Why this matters now
KRAS researchers explicitly cite imatinib as their model. Like BCR-ABL, KRAS drives cancer growth; unlike BCR-ABL, KRAS resisted drugging for 20 additional years. The CNIO triple therapy aims to achieve for pancreatic cancer what imatinib did for CML.
2 of 3
2003-2013
EGFR Inhibitors in Lung Cancer (2003-2013)
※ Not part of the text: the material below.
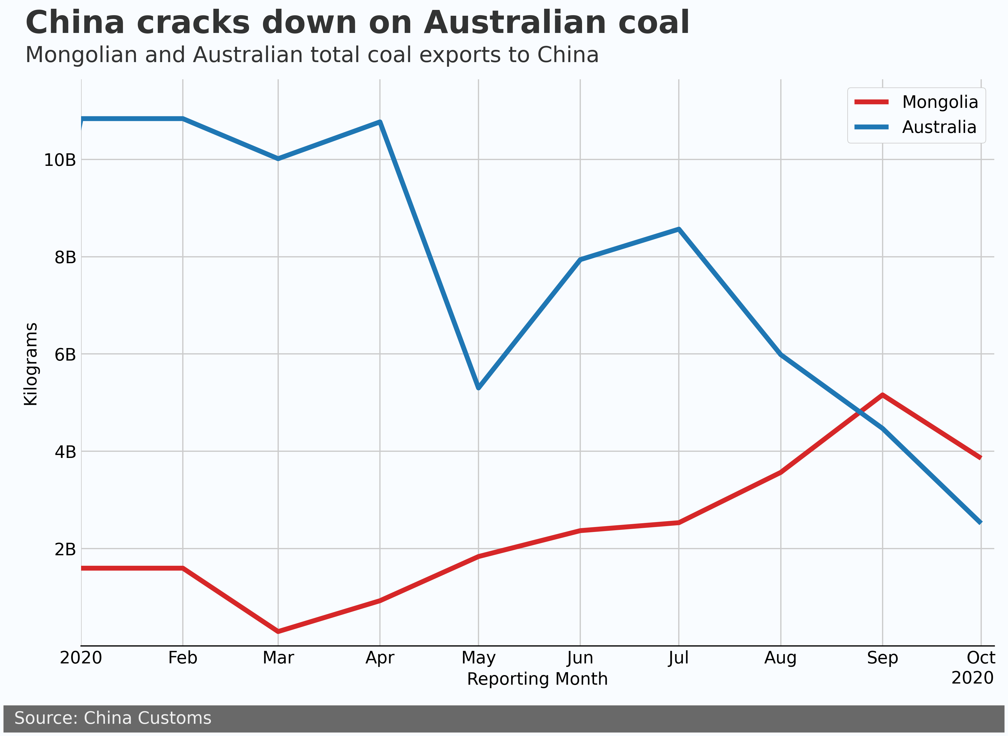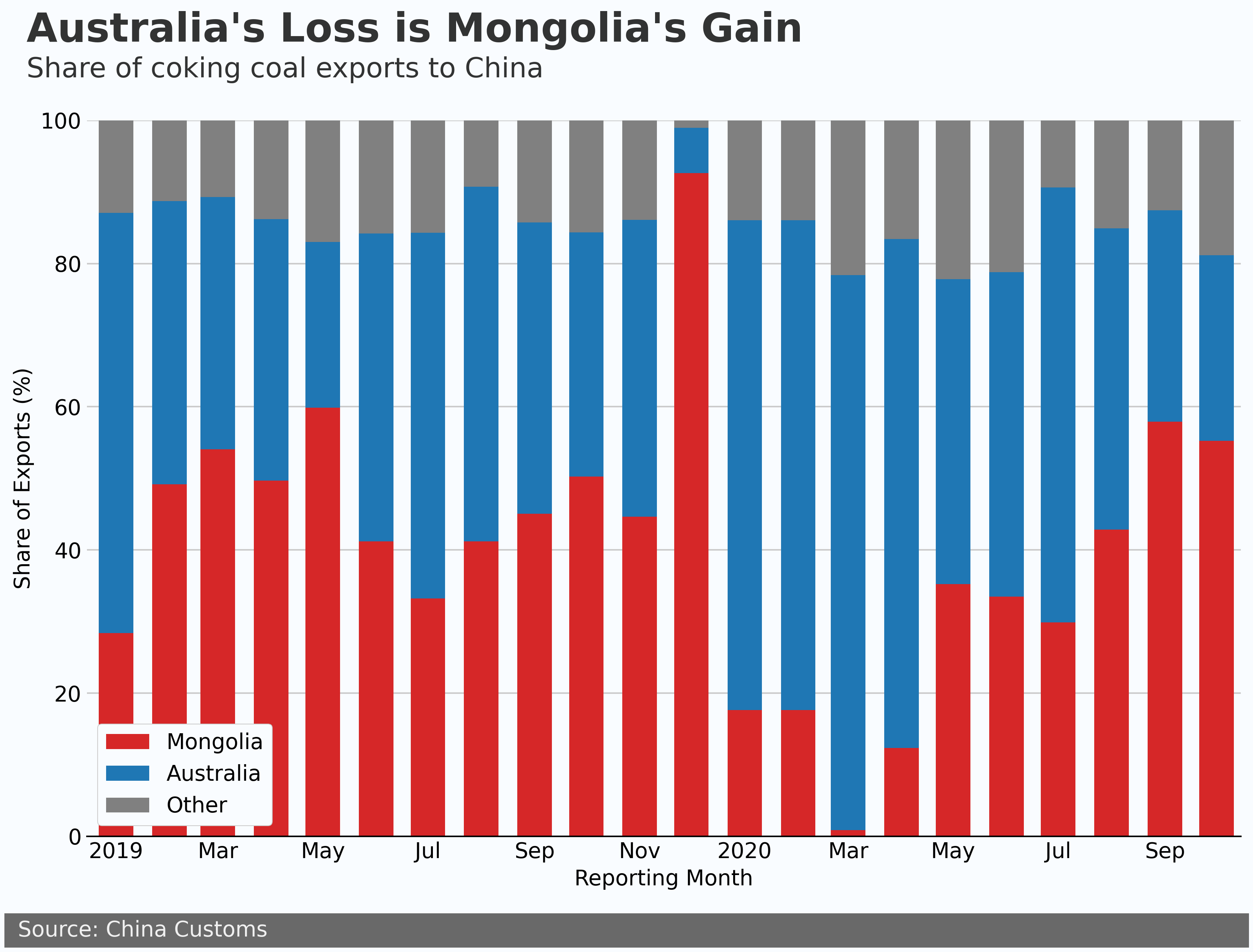 How China's trade spat with Australia created an opportunity for Mongolia to increase its coking coal exports.

After early EGFR inhibitors showed mixed results in unselected lung cancer patients, researchers discovered that only tumors with specific EGFR mutations responded. Gefitinib (2003) and erlotinib (2004) were approved for mutation-positive patients, followed by afatinib (2013). However, resistance typically emerged within 12-18 months.
Then
EGFR-mutant lung cancer patients gained months to years of progression-free survival.
Now
The resistance problem drove development of next-generation inhibitors and combination strategies—the same approach now being applied to KRAS.
Why this matters now
Afatinib, one of the three drugs in the CNIO combination, was designed to overcome resistance to earlier EGFR inhibitors. The triple therapy strategy—blocking the primary driver plus escape routes—directly responds to lessons learned from EGFR resistance.
3 of 3
May 2021
KRAS G12C Breakthrough (2021)
After researchers discovered a previously unknown binding pocket on the KRAS G12C mutant protein, Amgen developed sotorasib—the first approved drug targeting any KRAS mutation. The FDA granted accelerated approval based on a 36% response rate in lung cancer patients who had failed other treatments.
Then
Patients with G12C mutations gained a new treatment option, though responses were often temporary.
Now
The approval proved KRAS was druggable after all, triggering massive investment in inhibitors targeting other KRAS mutations.
Why this matters now
Sotorasib's approval validated the KRAS-targeting approach but left pancreatic cancer patients behind—G12C mutations occur in only 1-2% of pancreatic tumors versus 40% for G12D. The CNIO study uses daraxonrasib, which targets the mutations actually common in pancreatic cancer.